The idea behing partitioning isn't to use multiple servers but to use multiple tables instead of one table. You can divide a table into many tables so that you can have old data in one subtable and new data in another table. Then the database can optimize queries where you ask for new data knowing that they are in the second table. What's more, you define how the data is partitioned.

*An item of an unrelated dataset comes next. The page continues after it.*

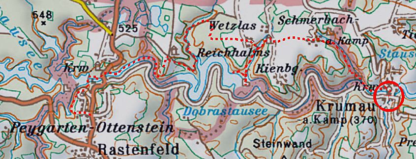 ich zunächst wieder auf kürzestem Weg zum Kamp gehe. Bei Diendorf überquere ich den Fluss und gehe am Ufer entlang in den Ort Hadersdorf am Kamp.

simple example from the MySQL documentation:
CREATE TABLE employees (
id INT NOT NULL,
fname VARCHAR(30),
lname VARCHAR(30),
hired DATE NOT NULL DEFAULT '1970-01-01',
separated DATE NOT NULL DEFAULT '9999-12-31',
job_code INT,
store_id INT
)
PARTITION BY RANGE ( YEAR(separated) ) (
PARTITION p0 VALUES LESS THAN (1991),
PARTITION p1 VALUES LESS THAN (1996),
PARTITION p2 VALUES LESS THAN (2001),
PARTITION p3 VALUES LESS THAN MAXVALUE
);
This allows to speed up e.g.:
Dropping old data by simple:
ALTER TABLE employees DROP PARTITION p0;
Database can speed up a query like this:
SELECT COUNT(*) FROM employees WHERE separated BETWEEN '2000-01-01' AND '2000-12-31' GROUP BY store_id;
knowing that all data is stored only on the p2 partition.